> Work instruction
Please restate the records that follow word for word, omitting any images.

> Records for the exercise
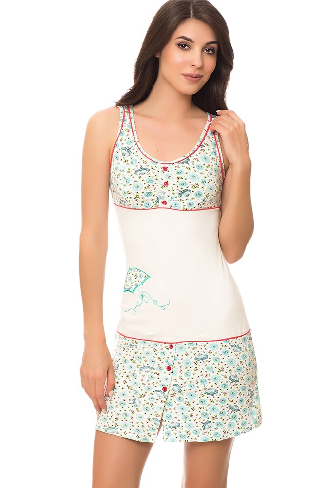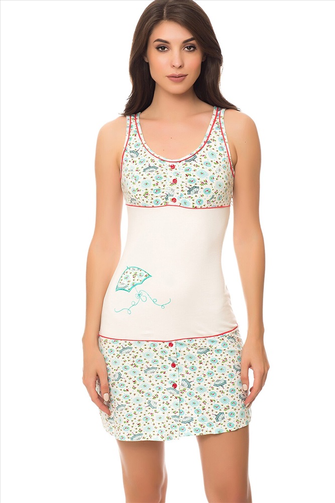 ID товара: 64262 Состав: Хлопок 92%, Эластан 8% Сезон: Весна/Лето Длина: Короткая, 83 см. по спинке Фасон: Приталенный Рукав: Без рукава Вид застежки: Нет Страна бренда: Турция Страна производства: Турция Короткое платье приталенного кроя на лямках, с круглым вырезом горловины, декорированным пуговицами. Комментарии к товару
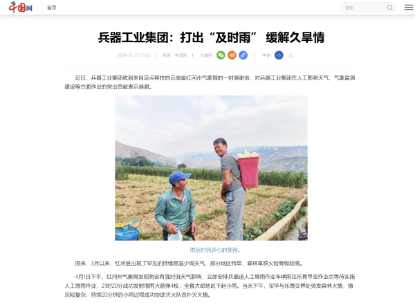 5月27日,中國(guó)網(wǎng)刊發(fā)《兵器工業(yè)集團(tuán):打出“及時(shí)雨” 緩解久旱情》,對(duì)中國(guó)兵器工業(yè)集團(tuán)有限公司助力云南省紅河州人工影響天氣、氣象監(jiān)測(cè)建設(shè)等方面作出的突出貢獻(xiàn)作了報(bào)道。 兵器工業(yè)集團(tuán):打出“及時(shí)雨” 緩解久旱情 近日,兵器工業(yè)集團(tuán)收到來(lái)自定點(diǎn)幫扶的云南省紅河州氣象局的一封感謝信,對(duì)兵器工業(yè)集團(tuán)在人工影響天氣、氣象監(jiān)測(cè)建設(shè)等方面作出的突出貢獻(xiàn)表示感謝。 原來(lái),3月以來(lái),紅河縣出現(xiàn)了罕見(jiàn)的持續(xù)高溫少雨天氣,部分地區(qū)特旱,森林草原火險(xiǎn)等級(jí)較高。 4月1日下午,紅河州氣象局發(fā)現(xiàn)將會(huì)有強(qiáng)對(duì)流天氣影響,立即安排兵器造人工增雨作業(yè)車(chē)輛前往樂(lè)育甲寶作業(yè)點(diǎn)等待實(shí)施人工增雨作業(yè),21時(shí)20分成功發(fā)射增雨火箭彈4枚,全縣大部地區(qū)下起小雨。當(dāng)天下午,寶華與樂(lè)育交界處突發(fā)森林火情,情況較復(fù)雜,持續(xù)20分鐘的小雨過(guò)程成功協(xié)助滅火隊(duì)員撲滅火情。
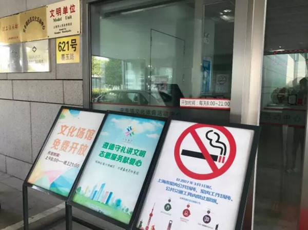 嘉定眾多公共場合內擺放了新禁煙標識
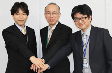 NTTビジネスソリューションズの営業担当者(中央)、
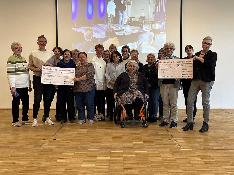 Über den Gesamterlös von 1.375 Euro und Schecks in Höhe von je 687,50 Euro freuten sich besonders Yannik Haggeney von der AWO-Beratungsstelle für Schwangerschaft, Familie und Sexualität und Andrea Brinkmann vom Bergkamener Mädchen- und Frauennetzwerk. Unter anderem sollen die Spendengelder für die Erstellung neuer Flyer beider Einrichtungen genutzt werden.
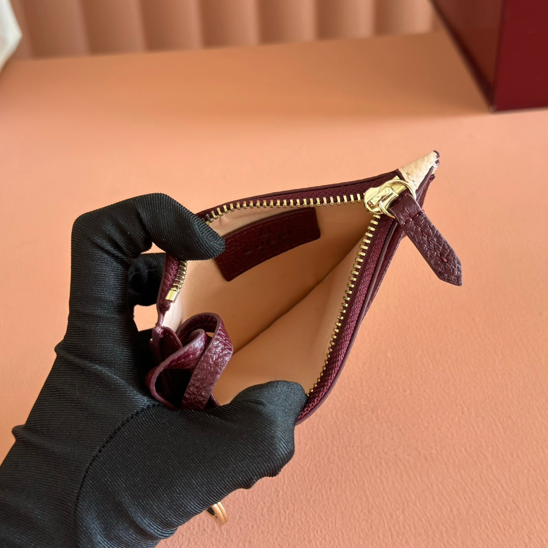 GG Marmont Card Case Zipper Wallet Rosso Ancora Red Leather 255164
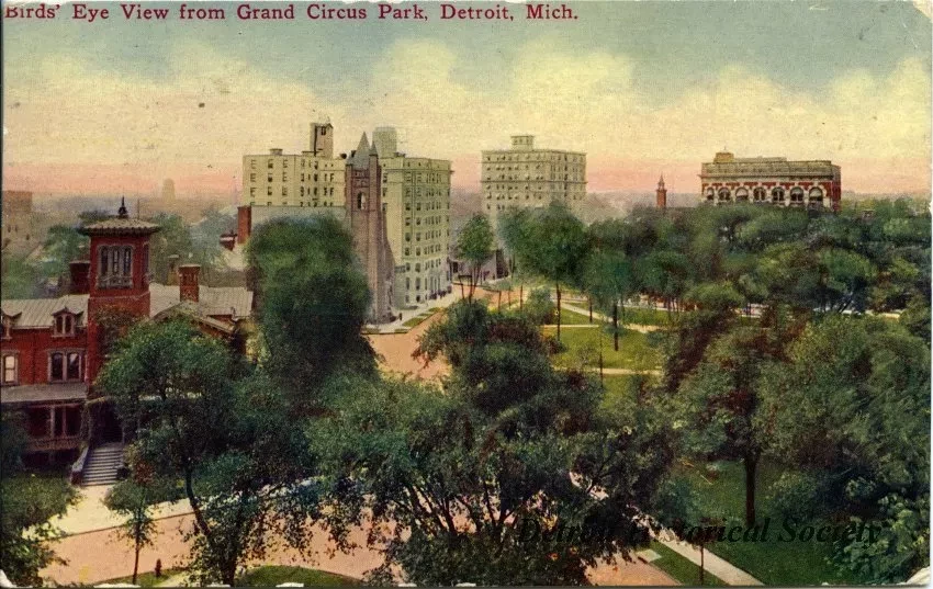 Printed on verso: Grand Circus Park is one of the many beauty spots to be found in the down-town section of the city. The park is surrounded by a number of magnificent buildings, and reading from left to right is the Michigan Conservatory of Music, Church of Our Father, Hotel Tuller, the Charlevoix Apartments and Fine Arts Building.
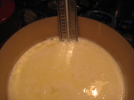 If you're a Catalan countrywoman you probably know by looking just when to turn off the fire. It's not too far south of the boiling point, when the milk is wiggly and threatening to simmer, that you'll see the milk seem to separate a bit, and a few curds begin to form. I use a candy thermometer and this all happens between 170 and 180 degrees F.
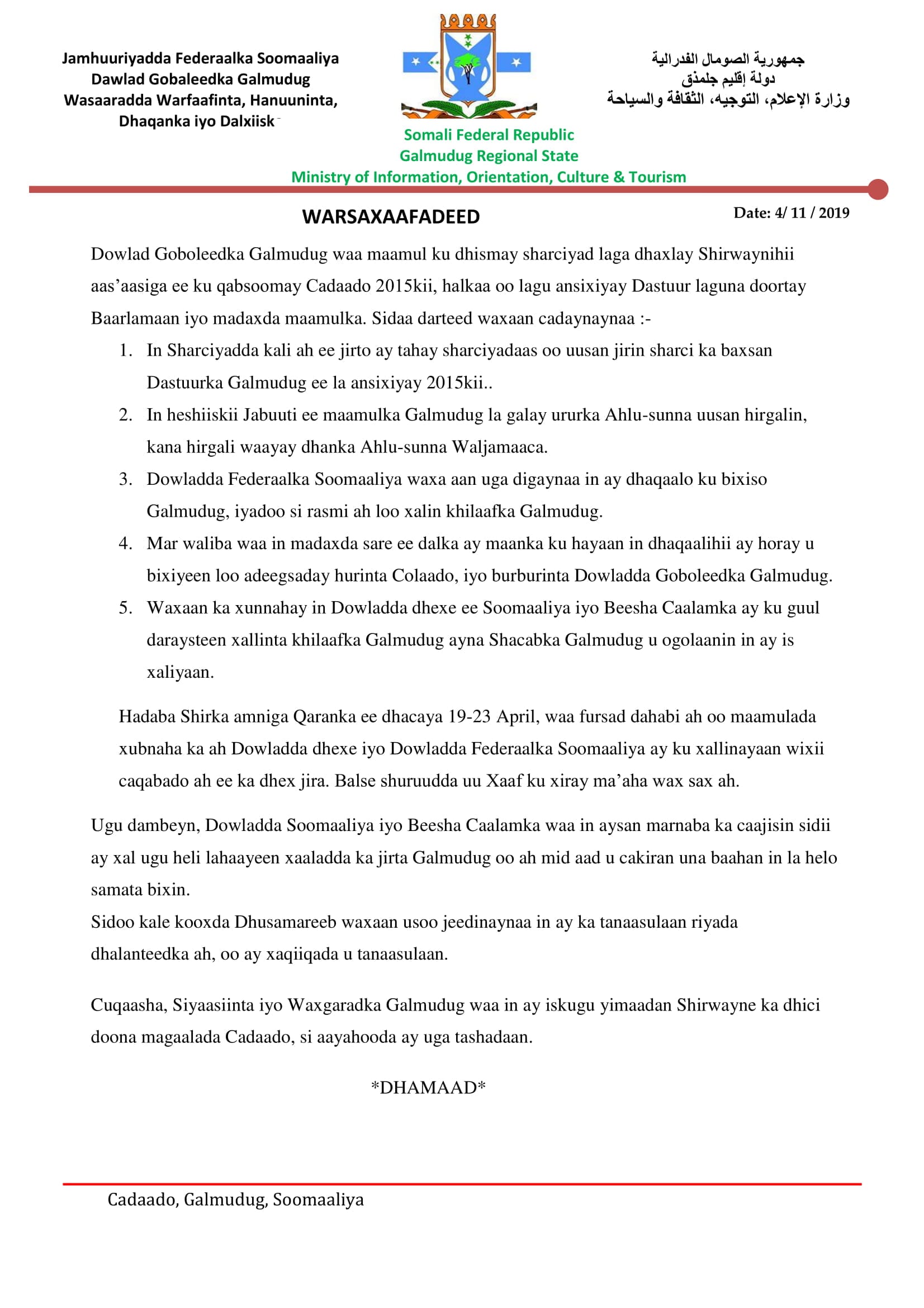 Caddaado (Caasimada Online) – Madaxweyne ku xigeenka Galmudug Maxamed Xaashi Carabey ayaa qoraal uu soo saaray ku sheegay in Galmudug ay ka qeyb-galayso shirka amniga qaranka ee madaxweyne Farmaajo uu ku baaqay inuu Muqdisho ka dhaco. Hoos ka aqriso qoraal kasoo baxay.

> Solution below
 ID товара: 64262 Состав: Хлопок 92%, Эластан 8% Сезон: Весна/Лето Длина: Короткая, 83 см. по спинке Фасон: Приталенный Рукав: Без рукава Вид застежки: Нет Страна бренда: Турция Страна производства: Турция Короткое платье приталенного кроя на лямках, с круглым вырезом горловины, декорированным пуговицами. Комментарии к товару
 5月27日,中國(guó)網(wǎng)刊發(fā)《兵器工業(yè)集團(tuán):打出“及時(shí)雨” 緩解久旱情》,對(duì)中國(guó)兵器工業(yè)集團(tuán)有限公司助力云南省紅河州人工影響天氣、氣象監(jiān)測(cè)建設(shè)等方面作出的突出貢獻(xiàn)作了報(bào)道。 兵器工業(yè)集團(tuán):打出“及時(shí)雨” 緩解久旱情 近日,兵器工業(yè)集團(tuán)收到來(lái)自定點(diǎn)幫扶的云南省紅河州氣象局的一封感謝信,對(duì)兵器工業(yè)集團(tuán)在人工影響天氣、氣象監(jiān)測(cè)建設(shè)等方面作出的突出貢獻(xiàn)表示感謝。 原來(lái),3月以來(lái),紅河縣出現(xiàn)了罕見(jiàn)的持續(xù)高溫少雨天氣,部分地區(qū)特旱,森林草原火險(xiǎn)等級(jí)較高。 4月1日下午,紅河州氣象局發(fā)現(xiàn)將會(huì)有強(qiáng)對(duì)流天氣影響,立即安排兵器造人工增雨作業(yè)車(chē)輛前往樂(lè)育甲寶作業(yè)點(diǎn)等待實(shí)施人工增雨作業(yè),21時(shí)20分成功發(fā)射增雨火箭彈4枚,全縣大部地區(qū)下起小雨。當(dāng)天下午,寶華與樂(lè)育交界處突發(fā)森林火情,情況較復(fù)雜,持續(xù)20分鐘的小雨過(guò)程成功協(xié)助滅火隊(duì)員撲滅火情。
 嘉定眾多公共場合內擺放了新禁煙標識
 NTTビジネスソリューションズの営業担当者(中央)、
 Über den Gesamterlös von 1.375 Euro und Schecks in Höhe von je 687,50 Euro freuten sich besonders Yannik Haggeney von der AWO-Beratungsstelle für Schwangerschaft, Familie und Sexualität und Andrea Brinkmann vom Bergkamener Mädchen- und Frauennetzwerk. Unter anderem sollen die Spendengelder für die Erstellung neuer Flyer beider Einrichtungen genutzt werden.
 GG Marmont Card Case Zipper Wallet Rosso Ancora Red Leather 255164
 Printed on verso: Grand Circus Park is one of the many beauty spots to be found in the down-town section of the city. The park is surrounded by a number of magnificent buildings, and reading from left to right is the Michigan Conservatory of Music, Church of Our Father, Hotel Tuller, the Charlevoix Apartments and Fine Arts Building.
 If you're a Catalan countrywoman you probably know by looking just when to turn off the fire. It's not too far south of the boiling point, when the milk is wiggly and threatening to simmer, that you'll see the milk seem to separate a bit, and a few curds begin to form. I use a candy thermometer and this all happens between 170 and 180 degrees F.
 Caddaado (Caasimada Online) – Madaxweyne ku xigeenka Galmudug Maxamed Xaashi Carabey ayaa qoraal uu soo saaray ku sheegay in Galmudug ay ka qeyb-galayso shirka amniga qaranka ee madaxweyne Farmaajo uu ku baaqay inuu Muqdisho ka dhaco. Hoos ka aqriso qoraal kasoo baxay.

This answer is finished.